Diet Contest, this IS a departure from work capacity as a focus, but valuable to those of you with weight loss/fat loss ambitions.  You;re looking for 30-40 minutes of mild discomfort.  Sweat flowing, breathing aggressively, but sustainable.  WHAT you chose to do to achieve this is less important than how long.  Obvious choices are the row, airdyne, ski erg and treadmill, but any sustainable rhythmic action would work.  A circuit of light wallballs, KB Swings, step ups, even light rapid barbell movements could fit the bill.

Both Sides:  Thursday’s are a great time to get some technique instruction on things that may give you trouble.  Don;t be shy about saying “Hey, I still don’t have XYZ, can you help me out?”

Running IS happening at 6am.  It’s supposed to be warming up through the evening, so the cold will be less severe than the last few days.  The workout is 6×800 m.  Your ability or lack thereof is not a factor.  All are welcome.

Looking ahead.  Yoga will happen on Sunday this weekend, and thereafter shift to Saturday’s going forward.  You can get zen and limber on Saturday and tighten up at the monster mash or in a stuffy church pew on Sunday.

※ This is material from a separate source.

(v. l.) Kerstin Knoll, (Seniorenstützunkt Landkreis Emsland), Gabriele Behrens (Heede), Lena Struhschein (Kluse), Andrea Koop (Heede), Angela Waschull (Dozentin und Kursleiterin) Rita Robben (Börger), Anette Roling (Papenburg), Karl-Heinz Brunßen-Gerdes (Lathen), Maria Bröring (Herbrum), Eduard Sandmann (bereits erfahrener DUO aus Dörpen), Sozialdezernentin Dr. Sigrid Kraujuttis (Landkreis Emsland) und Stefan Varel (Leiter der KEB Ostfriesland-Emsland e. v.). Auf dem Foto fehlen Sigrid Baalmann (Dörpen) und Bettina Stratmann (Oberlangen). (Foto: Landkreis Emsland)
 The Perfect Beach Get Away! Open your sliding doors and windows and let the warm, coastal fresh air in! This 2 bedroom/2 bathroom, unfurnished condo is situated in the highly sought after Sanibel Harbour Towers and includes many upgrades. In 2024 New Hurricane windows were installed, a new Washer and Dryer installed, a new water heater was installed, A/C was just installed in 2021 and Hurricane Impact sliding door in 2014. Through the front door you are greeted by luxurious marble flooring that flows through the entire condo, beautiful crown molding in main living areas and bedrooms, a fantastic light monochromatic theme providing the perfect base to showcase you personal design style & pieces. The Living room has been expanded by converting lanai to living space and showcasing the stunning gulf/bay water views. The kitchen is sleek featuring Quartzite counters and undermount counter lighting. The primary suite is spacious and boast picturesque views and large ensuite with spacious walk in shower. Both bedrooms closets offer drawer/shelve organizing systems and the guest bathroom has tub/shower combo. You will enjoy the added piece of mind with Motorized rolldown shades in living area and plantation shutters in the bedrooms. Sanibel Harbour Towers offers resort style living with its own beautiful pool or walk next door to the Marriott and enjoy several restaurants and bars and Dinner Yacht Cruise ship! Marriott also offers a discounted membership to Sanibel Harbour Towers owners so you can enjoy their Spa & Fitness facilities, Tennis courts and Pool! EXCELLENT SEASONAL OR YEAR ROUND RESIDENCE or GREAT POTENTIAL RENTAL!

Diet Contest Pot is $960.  There are some expenses yet to account for but the winners can expect to walk away with $400 each.  That may not change your life, but could definitely change your weekend!  It’s anyone’s ballgame at this point…. Get serious.




  1. Yay for yoga on Saturdays!

  2. Thursday diet: 45 min. 10 cal row, 20 DU’s, 10 wall balls, repeat for 45 min.

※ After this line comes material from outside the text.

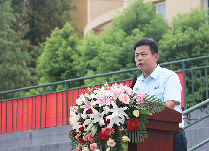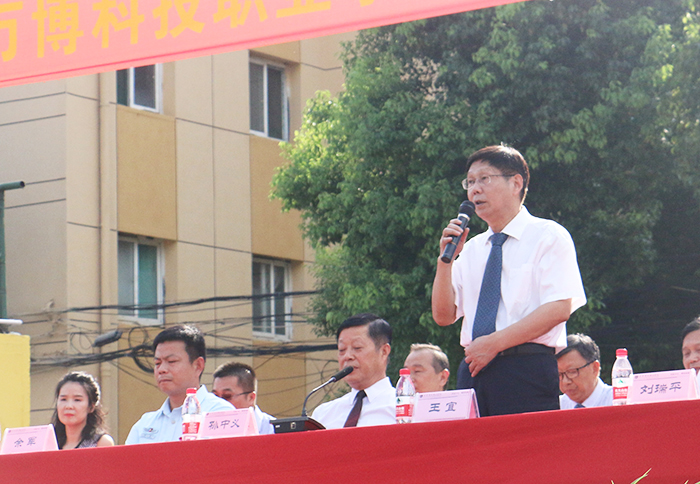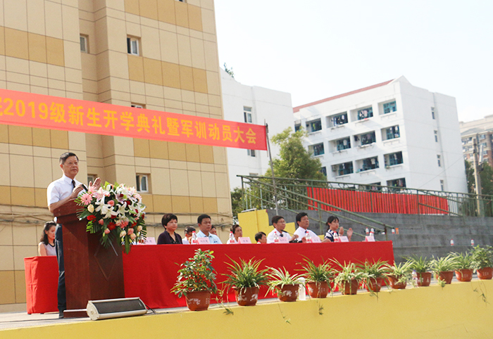 会上,孙中义发表了热情洋溢的讲话,代表全校师生员工向2019级新生表示欢迎和祝贺。他介绍了学校历史、专业特色及办学成就,同时希望同学们能够珍惜军训的机会,在军训期间,按照教官的要求,听从指挥,服从命令,刻苦训练,不怕吃苦,不怕流汗,以饱满的热情和昂扬的斗志,全身心地投入到火热的军训中去。同时,也希望各位同学、辅导员和教官们注意安全,劳逸结合,确保军训平安顺利。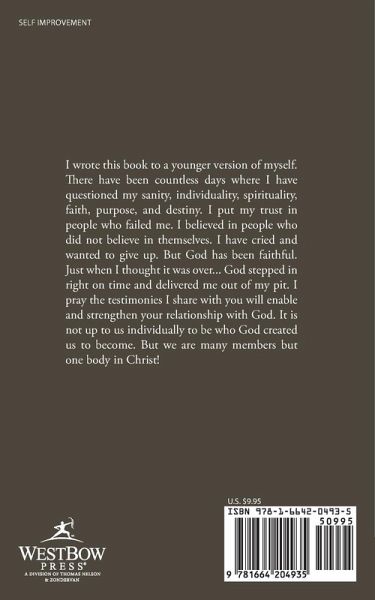 I wrote this book to a younger version of myself. There have been countless days where I have questioned my sanity, individuality, spirituality, faith, purpose, and destiny. I put my trust in people who failed me. I believed in people who did not believe in themselves. I have cried and wanted to give up. But God has been faithful. Just when I thought it was over... God stepped in right on time and delivered me out of my pit. I pray the testimonies I share with you will enable and strengthen your relationship with God. It is not up to us individually to be who God created us to become. But we are many members but one body in Christ!

  3. Diet contest- 30 minutes on AD rotated being just arms or legs every 5 minutes. Then rowed for 5 minutes and foam rolled for 5 minutes. Very swore today!!

  4. open prep:
    I went in today sore as hell. After rolling, stretching, pressure point lacrosse ball & shoulder therapy I feel so much better! Much needed. Worked on bar muscle ups.

  5. Sore as heck!!!!!

    50 cals Airdyne, 20 wall balls, and a TON of jump rope working on double unders. 45 mins

  6. Cardio heavy day today:

    Some Bench
    Some Dips
    Some Push-ups
    40 min on Incline Treadmill
    40 min on Air-Dyne

  7. 5m row, 6m alternating heavy rope and KB swings (EMOM), 5m Airdyne; two cyles of all.
    32m work, approx 1 min complaining between each activity. I mean resting.

  8. 800m run, 20 KB swings, 50 HR singles x 4 cycles, about 30 min.
    then, 10 min row.

  9. 25 DU, 20 sit ups, 15 cal on row, 10 WB, 5 burpees, 1 rope climb x 5 rounds.